**TASK DIRECTIONS:** From the line containing "Lavabo Inax đặt" to the line containing "Crafted by Sparco, the" in the records below, set down every line exactly as it stands, both ends included, and skip the pictures.

**DATASET RECORDS:**
*** Block opens ***
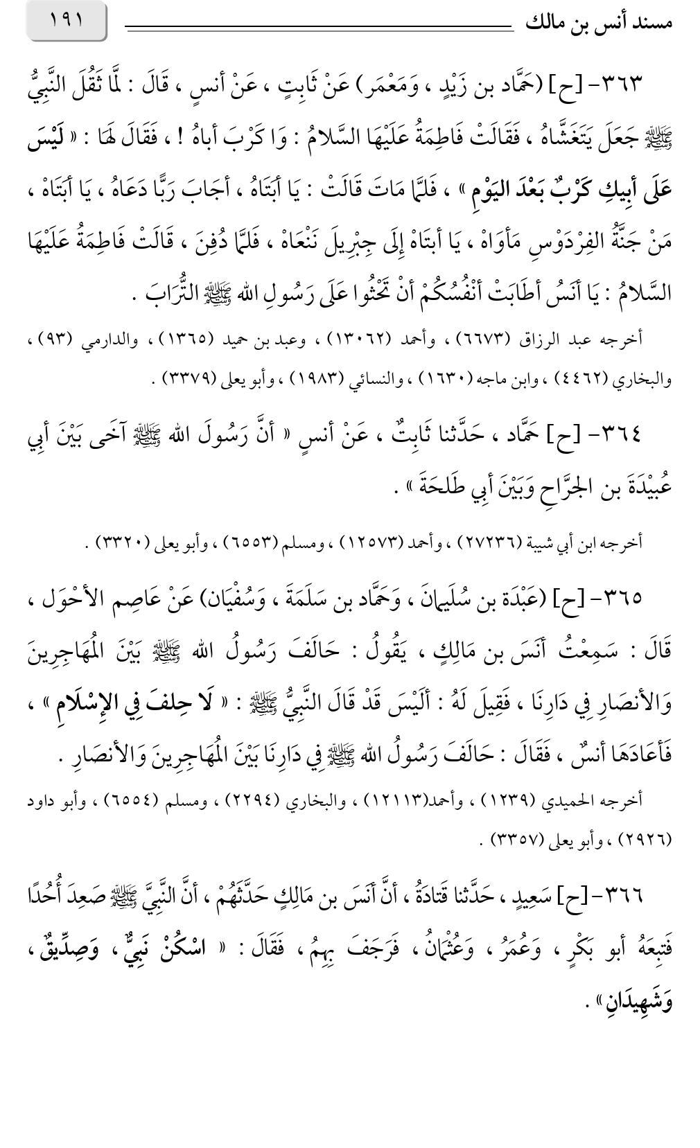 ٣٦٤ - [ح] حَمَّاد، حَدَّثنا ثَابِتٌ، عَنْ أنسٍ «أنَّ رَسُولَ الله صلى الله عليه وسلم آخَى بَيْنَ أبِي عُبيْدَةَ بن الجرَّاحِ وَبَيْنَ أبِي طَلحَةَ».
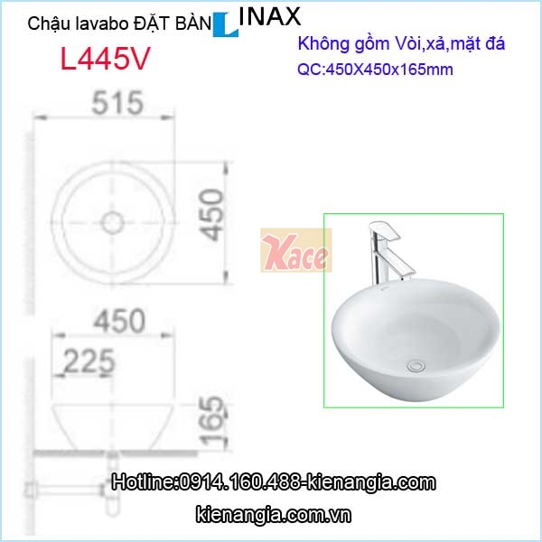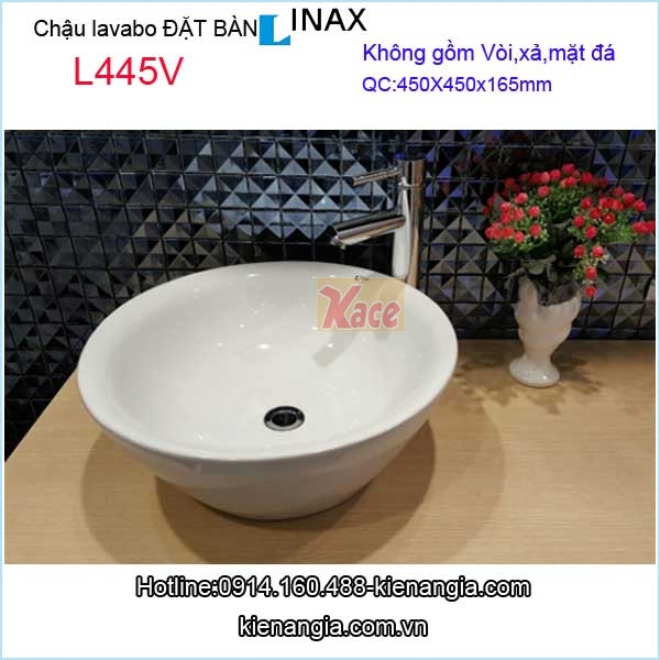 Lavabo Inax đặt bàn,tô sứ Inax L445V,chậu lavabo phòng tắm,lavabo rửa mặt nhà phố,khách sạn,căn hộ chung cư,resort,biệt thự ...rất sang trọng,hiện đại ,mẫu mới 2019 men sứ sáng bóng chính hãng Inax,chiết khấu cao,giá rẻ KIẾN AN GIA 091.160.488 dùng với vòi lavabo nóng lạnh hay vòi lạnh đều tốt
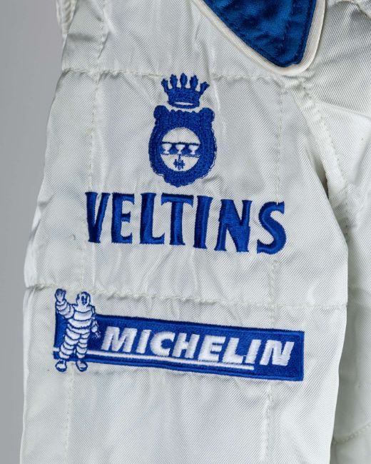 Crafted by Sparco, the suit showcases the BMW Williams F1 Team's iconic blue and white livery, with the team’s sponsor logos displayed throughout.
*** Block closes ***
*** Block opens ***
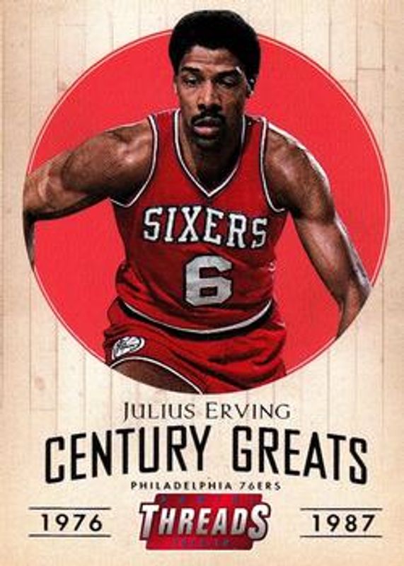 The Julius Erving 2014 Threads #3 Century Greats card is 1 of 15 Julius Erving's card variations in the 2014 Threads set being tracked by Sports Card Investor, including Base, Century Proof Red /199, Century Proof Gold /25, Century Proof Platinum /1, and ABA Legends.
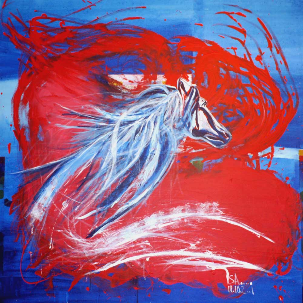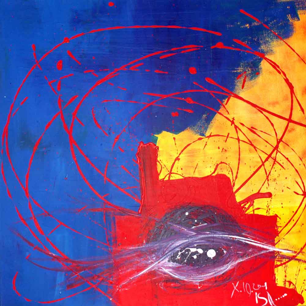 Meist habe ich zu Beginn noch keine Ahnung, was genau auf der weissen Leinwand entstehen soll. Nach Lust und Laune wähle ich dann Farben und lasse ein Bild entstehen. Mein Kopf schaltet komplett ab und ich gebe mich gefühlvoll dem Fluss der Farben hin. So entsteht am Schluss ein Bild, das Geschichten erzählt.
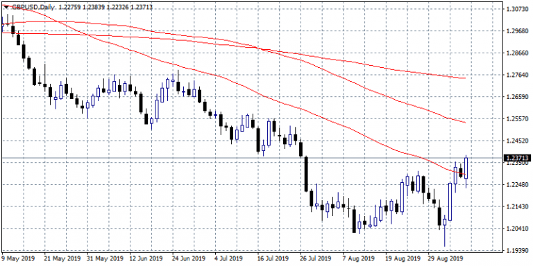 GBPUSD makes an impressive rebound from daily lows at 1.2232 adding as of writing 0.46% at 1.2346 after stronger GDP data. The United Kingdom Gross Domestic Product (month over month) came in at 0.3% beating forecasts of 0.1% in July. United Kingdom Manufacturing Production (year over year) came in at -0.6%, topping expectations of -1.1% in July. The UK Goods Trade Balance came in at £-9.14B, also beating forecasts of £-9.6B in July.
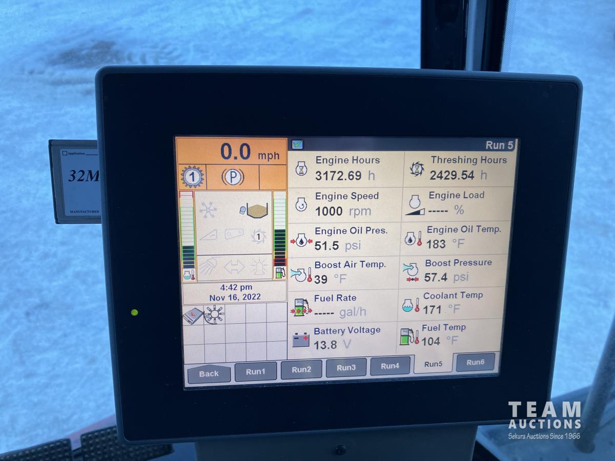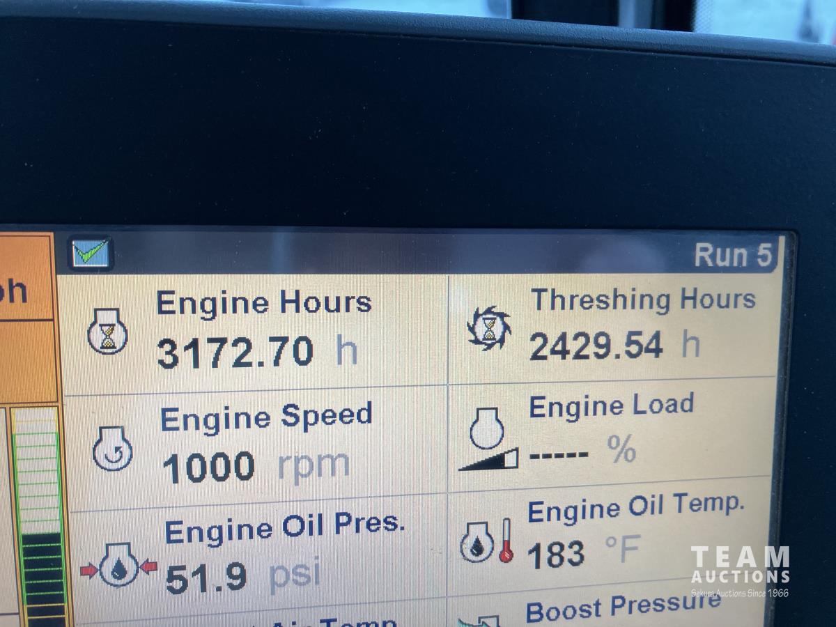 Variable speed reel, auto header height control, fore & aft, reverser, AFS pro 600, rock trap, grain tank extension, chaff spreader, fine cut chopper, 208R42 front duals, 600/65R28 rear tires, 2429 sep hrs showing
*** Block closes ***
**RESPONSE TO THE EXERCISE:**
 Lavabo Inax đặt bàn,tô sứ Inax L445V,chậu lavabo phòng tắm,lavabo rửa mặt nhà phố,khách sạn,căn hộ chung cư,resort,biệt thự ...rất sang trọng,hiện đại ,mẫu mới 2019 men sứ sáng bóng chính hãng Inax,chiết khấu cao,giá rẻ KIẾN AN GIA 091.160.488 dùng với vòi lavabo nóng lạnh hay vòi lạnh đều tốt
 Crafted by Sparco, the suit showcases the BMW Williams F1 Team's iconic blue and white livery, with the team’s sponsor logos displayed throughout.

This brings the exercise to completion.